The old man accepted the goat, which was a fine one. Food was food. After much talking about the animal, the old man led it away. While he butchered it, Rodet worked on Qasim’s arm. The young man never whimpered, never made a sound as he scraped the wound, cleaned and disinfected it, and injected the boy with a massive dose of penicillin. After he dressed the wound, he rolled up his pant leg and showed the boy his scar, which he had collected in a motorcycle accident years before.
He left a stack of bandages and instructions to change the bandage daily. He stayed and ate goat and had to stop alongside the road when the vomiting and diarrhea got him.
Yet when he went back two weeks later the infection in Abu Qasim’s arm was gone, the wound had a healthy scab, and the boy smiled at him.
Henri Rodet smiled back.
Callie Grafton started at the Sorbonne’s main records office. It helped that she was herself a professor of languages at Georgetown University and that she spoke fluent French. The clerks were helpful, but after twenty minutes, they confessed defeat. They had no record of a student named Abu Qasim, nor one named Abdullah al-Falih.

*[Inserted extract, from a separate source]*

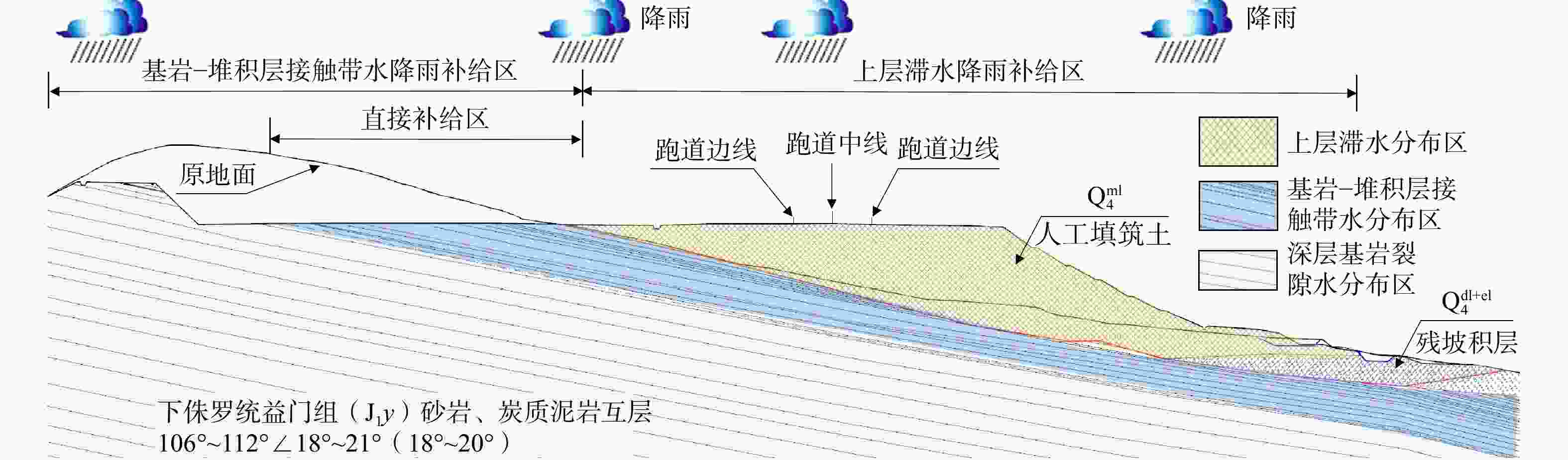 Results The results indicate that the internal causes including topography conducive to surface water concentration and the specific unidirectional gently inclined slope structure with soft upper and hard lower layers that facilitate rainfall infiltration. The triggering factors are characterized by concentrated rainfall, frequent short-term rainstorms, abundant groundwater, and the tendency to accumulate above relatively impermeable layers. The instability evolution mechanism of the high-fill slope at Panzhihua Airport can be summarized as follows: long-term infiltration of heavy rainfall, rising groundwater level, softening and shear strength degradation of the weak interface at the fill-bedrock contact, push-creep sliding, failure of retaining structures, progressive sliding and shearing, overall slope failure. The construction of high-fill slopes in mountainous airports should focus on controlling the shear strength of weak layers at the fill-bedrock interface and implementing underground drainage systems.

The library was cool and quiet. Two hours later, Callie admitted defeat herself. She could find not a single scrap of paper in the building with either name written on it. Some of the records were incomplete, with the records of entire years missing. It was suggestive, she thought, but proved nothing.
She headed for the philosophy department, only to find the doors locked.
Tired and frustrated, Callie asked directions to the faculty club. Yes, the university had one. Armed with her passport and Georgetown University ID, she had no trouble talking her way in.
It was nearly six o’clock when Jake Grafton pulled the rental car over to the curb and watched his wife come out of the club. She was listening intently to the white-haired man beside her, who was talking a mile a minute. He held on to her arm to steady himself. As they approached the car, Jake realized the man was at least eighty.
Jake got out and came around to the passenger side. Callie introduced him to the man, Professor Heger, as cars swerved by the illegally parked vehicle. The French flew thick and fast. Jake nodded and smiled as passing cars beeped. Callie kissed the professor on the cheek and got into the car. Jake shook hands with Heger and got back behind the wheel.
When they were rolling along, he said, “You look as if you had a wonderful afternoon.”
“Oh, I did. I met some delightful people. And Professor Heger is a gentleman, a ladies’ man, and, believe me, he loves to talk.”
When she fell silent, thinking about the conversations of the afternoon, Jake prompted, “Well, what did you find out?”
“Professor Heger taught philosophy until he retired, but he remembers no student named Abu Qasim.”
“Huh,” Jake grunted.
“He was lying,” Callie said. “Chattered away about Paris and teaching and Americans he had known, tried to recall Abdullah al-Falih and couldn’t. Then I mentioned Qasim’s name, and he gave me an abrupt denial. He was lying — I’m sure of it. He did know Qasim, and now he refuses to admit it.”
“We need more than a denial,” her husband said gently.
Callie smote the dashboard with her fist. “I know that,” she roared in frustration.